Assume I have a deck of cards that I would like to shuffle. Unfortunately, the deck is so big that I cannot hold it entirely in my hands. Let's say that the deck contains M cards, and that the operation I can perform are: 1. cut (deterministically) a deck into any number of sub-decks, without looking at the cards but remembering for all i where the i-th card from top of the original deck has been put; 2. gather several decks into one deck in any order (but assume that we do not intertwin the various decks, nor change the order inside any of them); 3. shuffle any deck of at most n cards. Assume moreover that such a shuffle consist in applying an unknown random permutation drawn uniformly.

Due to arithmetic arguments, it is not possible to achieve uniform distribution over all permutations of the original deck by such shuffles (see David Speyer's answer to the question above). However, one can can consider partial uniformity as follows.

Call a random permutation of $\{1,\ldots,M\}$ $r$-uniform if the law of $((a_1),\ldots,(a_r))$ is uniform for all tuples $(a_1,\ldots,a_r)$ of $\{1,\ldots,M\}$. Then, what is the maximal such $r$ that can be achieved by a process as described above? Given a $r$, how many shuffles are needed to achieve $r$-uniformity?

Note that this measure of uniformity makes sense for the game Race for the galaxy, since some subsets of cards play well together, and one wants to break the artificial weight given when playing a game to the event that such cards are close.
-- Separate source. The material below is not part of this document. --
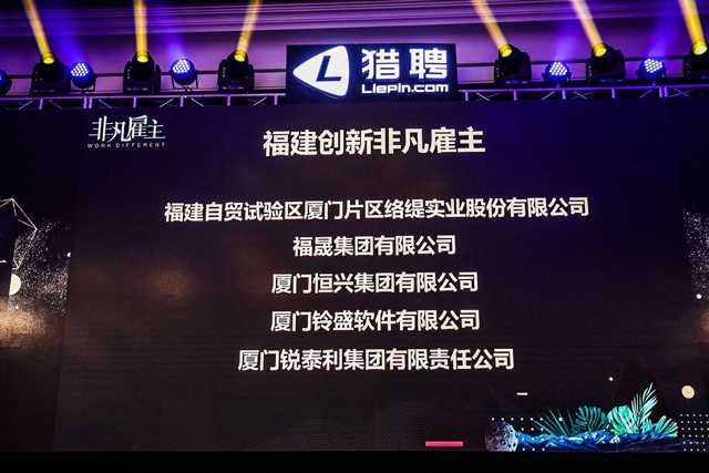 ? ? ? ? 11月28日,“獵聘2017非凡雇主·廈門站”年度頒獎盛典在廈門威斯汀酒店隆重舉行。廈門恒興集團從上萬家雇主企業中脫穎而出,榮膺“獵聘2017福建創新非凡雇主”榮譽稱號。
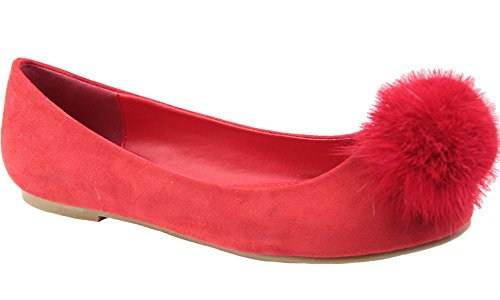 Anna Shoes Women's Pom Pom Slipper Fashion Ballet Flat

Here is a first thing one can say: if $M=2n$ and $n$ is even, then it is possible to achieve $1$-uniformity in $4$ partial shuffles. Simply cut the deck in two equal sub-decks, shuffle both, gather them, divide the result into a sub-deck containing the first and third quarters and another containing the second and fourth quarters, shuffle both, and gather them. At the end, each individual card has random distribution.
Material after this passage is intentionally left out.